The sad story in this isn't that she is going to finally be allowed to finish dying. That only thing sad about it is the fact that she "DIED" way back when her heart stopped for a few minutes rendering her brain dead, and her parents and family have strung her along for this long due to there own selfishness, and not wanting her to be gone.
I'm happy for Terry Schiavo, and her husband, and screw her parents. What parent would put their child through that (wether she can feel it or not) for their own selfishness. I wonder if they will have her taxidermied, and put back in her old bedroom  :Don't know:

----------


## HeartDocMD

Starvation, in a mentally intact person is a horrible way to go, however, Terry, is not like this. It has been proven time and time again that her "vegetative state" includes the destruction of the center of the brain that intreprets the neurological signals of pain.
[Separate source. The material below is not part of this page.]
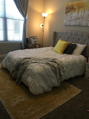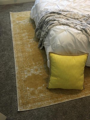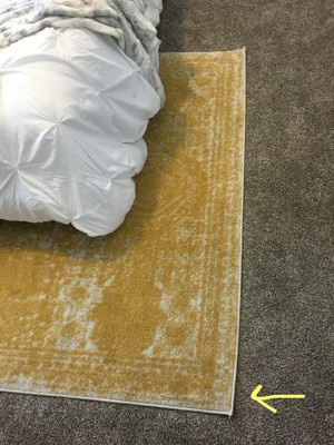I'm so happy with the yellow rug. It's a warm pop of color added to our bedroom. It contrasts our dark laminate floors beautifully. I have a minimalist design style and this rug added the needed focal point to the room.

This has been documented by serial EEGs, CT Scans, and MRIs. So in reality, although to us the word "starvation" seems awful, to her she feels no pain, and is essentially slipping away into a coma. All that she has left is basic autonomic functioning....and essentially she is already dead. This is my viewpoint.

I actually do agree with physician assisted suicide, however, the problem lies in what actually warrents this?...Where do we draw the line with who can die and who cannot?...

On a more personal note, I really can't stand these "Right To Life" groups. Its so frustrating how they twist and manipulate the public into believing as they do. Probably my most frustrating moment with these people came years ago. A women who had progressive cancer of the esophagus was essentially on her death bed. It stuck with me because how sweet, kind and wonderful a person she was. She made it clear of her wishes not only to us as physicians but also in a DNI/DNR. It was so frustrating to watch the Right to Life groups actually arguing and petitioning DESPITE THE FACT she had a legal DNI/DNR! They actually took us to court, it was absolutely disgusting. What struck me the most was that these people KNEW her wishes but didn't care. They wanted to get in the news, and wanted to get their point heard, whether or not this sweet women wanted it or not.

I guess, what Im trying to say, is dont believe everything you hear. These groups have their own motives, whether religious or monetary, and I can speak from personal experience that in general they are insane. I know its harsh to say that and I am not usually this judgmental but after what I have seen them do to innocent VICTIMS, THEIR VICTIMS, its a discrace...

-DocMD

----------


## RATM

> What parent would put their child through that (wether she can feel it or not) for their own selfishness.


You obviously are NOT a parent

----------


## RATM

> Starvation, in a mentally intact person is a horrible way to go, however, Terry, is not like this. It has been proven time and time again that her "vegetative state" includes the destruction of the center of the brain that intreprets the neurological signals of pain. This has been documented by serial EEGs, CT Scans, and MRIs. So in reality, although to us the word "starvation" seems awful, to her she feels no pain, and is essentially slipping away into a coma. All that she has left is basic autonomic functioning....and essentially she is already dead. This is my viewpoint.
> 
> I actually do agree with physician assisted suicide, however, the problem lies in what actually warrents this?...Where do we draw the line with who can die and who cannot?...
> 
> On a more personal note, I really can't stand these "Right To Life" groups. Its so frustrating how they twist and manipulate the public into believing as they do. Probably my most frustrating moment with these people came years ago. A women who had progressive cancer of the esophagus was essentially on her death bed. It stuck with me because how sweet, kind and wonderful a person she was. She made it clear of her wishes not only to us as physicians but also in a DNI/DNR. It was so frustrating to watch the Right to Life groups actually arguing and petitioning DESPITE THE FACT she had a legal DNI/DNR! They actually took us to court, it was absolutely disgusting. What struck me the most was that these people KNEW her wishes but didn't care. They wanted to get in the news, and wanted to get their point heard, whether or not this sweet women wanted it or not.
> 
> I guess, what Im trying to say, is dont believe everything you hear. These groups have their own motives, whether religious or monetary, and I can speak from personal experience that in general they are insane. I know its harsh to say that and I am not usually this judgmental but after what I have seen them do to innocent VICTIMS, THEIR VICTIMS, its a discrace...
> 
> -DocMD


Excellent Post Doc!!!!!!!!

----------


## Mighty

> You obviously are NOT a parent


I have a fourteen year old daughter, and believe me if the doctor ever came to me and said she was brain dead with no chance of survival off of life support, I was be destroyed, and say my goodbyes.
Are you saying you would keep your child on a machine so that you wouldn't have to face reality, and say goodbye ?....crazy

----------


## BUBBA74

Terry Schiavo past away this morning.

----------


## TommyTrainR

In no way do I intend the following statements to offend anyone, but...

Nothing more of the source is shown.